Na noite do dia 30 passado, a Câmara dos Deputados aprovou o Projeto de Lei (PL) 490/2007, que define o marco temporal para a demarcação de terras indígenas, por 283 votos a 155. Esse placar é uma retumbante derrota política e moral para o governo. Política porque Lula definiu a proteção dos interesses dos indígenas como uma de suas prioridades, a ponto de criar um Ministério só para cuidar disso; e moral, porque esse mesmo governo não moveu um músculo para articular uma base de apoio a fim de evitar um vexame como esse. E não o fez, é bom enfatizar, porque Lula, como já dissemos nesta página, só se interessa pela proteção ambiental e pela qualidade de vida dos indígenas na exata medida de suas ambições eleitorais.

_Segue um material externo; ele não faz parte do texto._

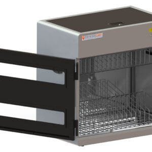 The disinfecting process takes as little as two minutes, and is done without toxic chemicals or harmful gasses. It’s the perfect solution for keeping any environment safe and features heavy duty full metal construction, configurable metal shelves, eight UVC lamps for 360° sterilization, an easy to use touch screen, plus additional software with wireless monitoring. An auto locking door ensures operation only when the door is securely closed, and a UV absorbing transparent window helps to keep light from being emitted into your room.
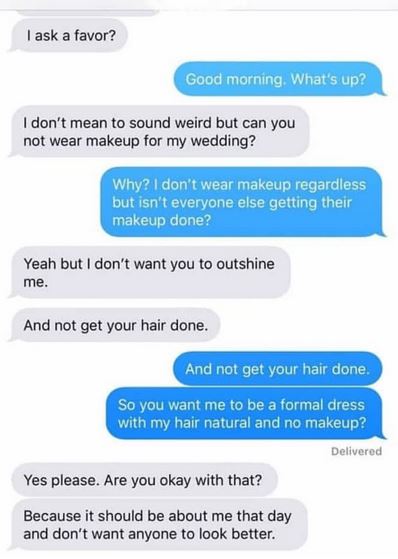 In what will come across as a rather strange development, a bride has asked her best friend to not look beautiful on her wedding day so as not to outshine her.

A votação do PL 490/2007 foi apenas mais um evento de uma semana desastrosa para o Palácio do Planalto no outro lado da Praça dos Três Poderes. Há poucos dias, a Câmara já havia alterado substancialmente a Medida Provisória (MP) 1.154/2023, que reorganiza o primeiro escalão do governo federal. Na mesma noite em que o marco temporal foi aprovado, o presidente da Câmara, Arthur Lira (PP-AL), adiou a votação da MP, aumentando dramaticamente o risco de caducidade. O próprio arcabouço fiscal, tido tanto por Lira como pelo presidente do Senado, Rodrigo Pacheco (PSB-MG), como um item da “pauta País”, não da “pauta governo”, foi aprovado em termos bem diferentes do que o governo gostaria.
E isso tudo com menos de seis meses de governo – o que obrigou Lula a convocar uma reunião de emergência com seus articuladores políticos para entender o que se passa. Nem precisava: o problema central do governo, ao que tudo indica, é que o presidente escolheu deliberadamente alhear-se da realidade irrefutável de que foi eleito para impedir a continuidade de Jair Bolsonaro na Presidência, e não para implementar a raivosa e inconsequente agenda petista.

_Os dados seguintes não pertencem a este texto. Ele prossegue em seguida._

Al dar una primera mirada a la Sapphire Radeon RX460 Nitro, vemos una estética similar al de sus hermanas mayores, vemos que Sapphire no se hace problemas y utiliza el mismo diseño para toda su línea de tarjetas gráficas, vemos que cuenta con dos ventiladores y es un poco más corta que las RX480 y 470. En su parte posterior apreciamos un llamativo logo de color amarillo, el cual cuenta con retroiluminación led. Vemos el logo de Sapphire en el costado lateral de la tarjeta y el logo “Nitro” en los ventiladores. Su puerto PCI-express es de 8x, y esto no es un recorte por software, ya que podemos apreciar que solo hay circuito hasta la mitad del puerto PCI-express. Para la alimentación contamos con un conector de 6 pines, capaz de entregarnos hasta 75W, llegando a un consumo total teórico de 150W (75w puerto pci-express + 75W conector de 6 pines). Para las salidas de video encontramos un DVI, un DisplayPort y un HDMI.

Lula age como se tivesse vencido a eleição somente com votos de petistas e que, uma vez na Presidência, todas as forças políticas convergiriam naturalmente para o demiurgo – que ademais se considera injustiçado e que vê neste novo mandato uma espécie de indenização que o País lhe devia pelos 500 e tantos dias na cadeia. Trata-se de um equívoco de múltiplas dimensões, que pode comprometer todo o exercício de seu terceiro mandato presidencial.
O presidente, a quem sempre se atribuíram muitos predicados políticos, mostra espantoso amadorismo ao ignorar que o espectro ideológico majoritário da sociedade brasileira ainda se inclina para uma direita conservadora, como está refletido na composição do Congresso. O eleitorado, por margem muito estreita, repeliu Bolsonaro porque rechaça o extremismo bolsonarista, e não por morrer de amores por Lula.
Ademais, diferentemente do que acontecia duas décadas atrás, no primeiro mandato de Lula, o Congresso dispõe de instrumentos para fazer valer suas vontades muitas vezes à revelia do Executivo. Ou seja, o presidente deve ser ainda mais aberto ao diálogo e à negociação, aceitando o fato de que tem menos poder para ditar a agenda do País e que, por isso, deve se entender com as lideranças desse Congresso em que o governo é gritantemente minoritário.
Em certa medida, democracias funcionais rejeitam os extremos e obrigam os governantes a caminhar para o centro, a despeito da eventual virulência do discurso nas campanhas eleitorais. No Chile, por exemplo, o presidente esquerdista Gabriel Boric foi muito perspicaz ao direcionar seu governo para posições centristas, depois de ter malogrado na tentativa de reescrever a Constituição do país, entre outras ações, levando em consideração apenas os interesses das forças políticas que o conduziram ao poder. Lula é bem mais experiente que Boric, mas talvez tenha o que aprender com o jovem colega chileno.